Stalin, the Red Army Leadership and the Road to Stalingrad, 1931–1942

About this book

Nominated for the 2013 PushkinHouse/Waterstone's Russian Book Prize. Like some astronomers, who discover cosmic objects not by direct observation, but by watching the deviations of known heavenly bodies from their calculated trajectories, Peter Mezhiritsky makes his findings in history through thoughtful reading and the comparison of historical sources. This book, a unique blend of prosaic literature and shrewd historic analysis, is dedicated to events in Soviet history in light of Marshal Zhukov's memoirs. Exhaustive knowledge of Soviet life, politics and censorship, including the phraseology in which Communist statesmen were allowed to narrate their biographical events, gave Peter Mezhiritsky sharp tools for the analysis of the Marshal's memoirs.
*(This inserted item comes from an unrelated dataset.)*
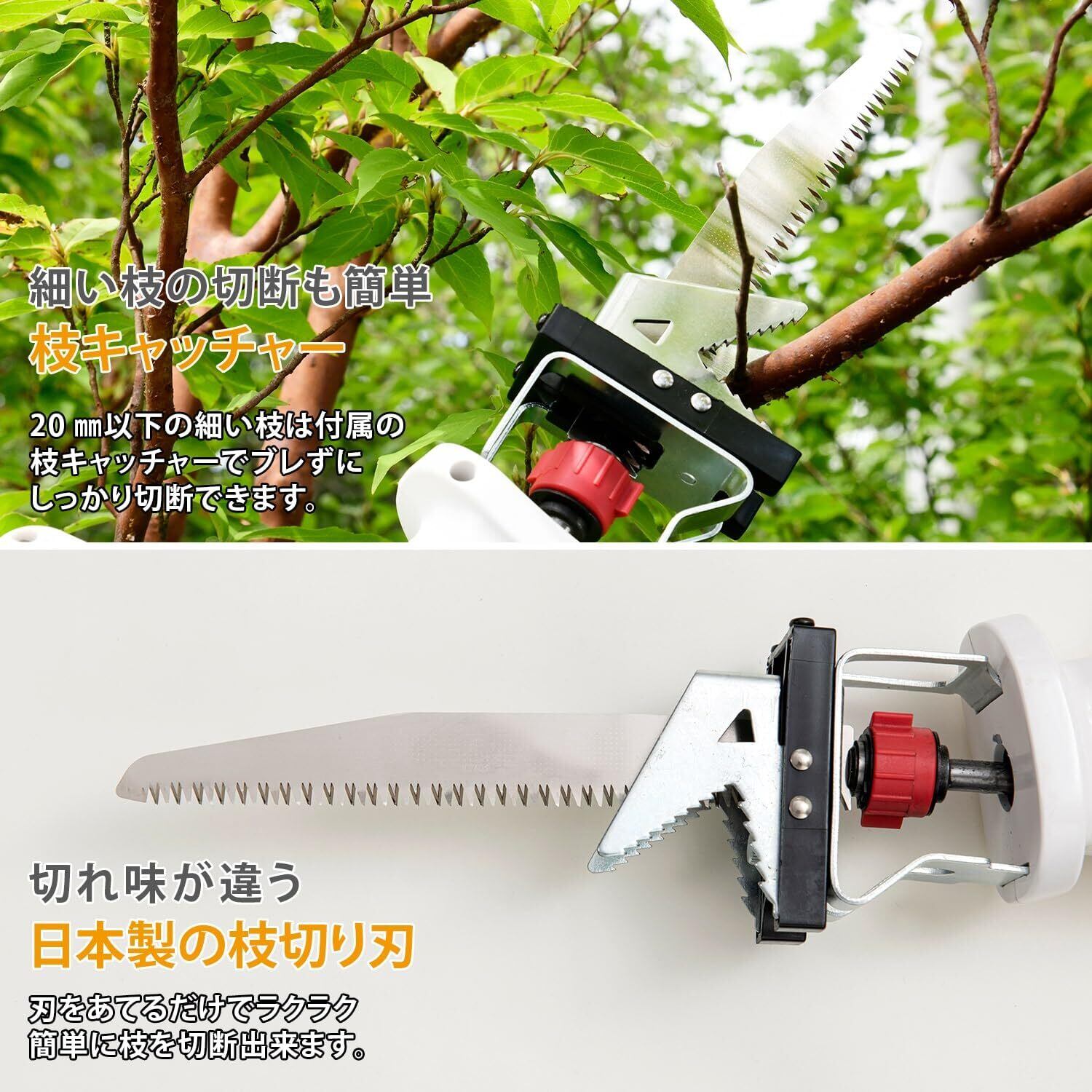 ●付属品:本体一式、延長コード10m ×1、210mm枝切り刃(日本製)×1、枝キャッチャー×1、保護メガネ×1、肩掛けベルト×1、コードストラップ ×1、ベルトフック ×1、取扱説明書。

The reader will learn about the abundance of awkward events that strangely and fortuitously occurred in good time for Stalin's rise to power, about the hidden connection between the purges, the Munich appeasement and the German occupation of Czechoslovakia, and about the real reason why it took so long to liquidate Paulus' Sixth Army at Stalingrad. The author presents a clear picture of the purges which promoted incompetent and poorly educated commanders (whose most prominent feature was their personal dedication to Stalin) to higher levels of command, leaving the Soviet Union poorly prepared for a war against the Wehrmacht military machine. The author offers alternative explanations for many prewar and wartime events. He was the first in Russia to acknowledge a German component to Zhukov's military education. The second part of the book is dedicated to the course of the Great Patriotic War, much of which is still little known to the vast majority of Western readers. While not fully justifying Zhukov's actions, the author also reveals the main reason for the bloody strategy chosen by Zhukov and the General Staff in the defensive period of the War. In general, the author shares and argues Marshal Vasilevsky's conviction - if there had been no purges, the war would not have occurred. The book became widely known to the Russian-reading public on both sides of the Atlantic, and in the last ten years its quotations have been used as an essential argument in almost all the debates about the WWII. The book is equally intended for scholars and regular readers, who are interested in Twentieth Century history.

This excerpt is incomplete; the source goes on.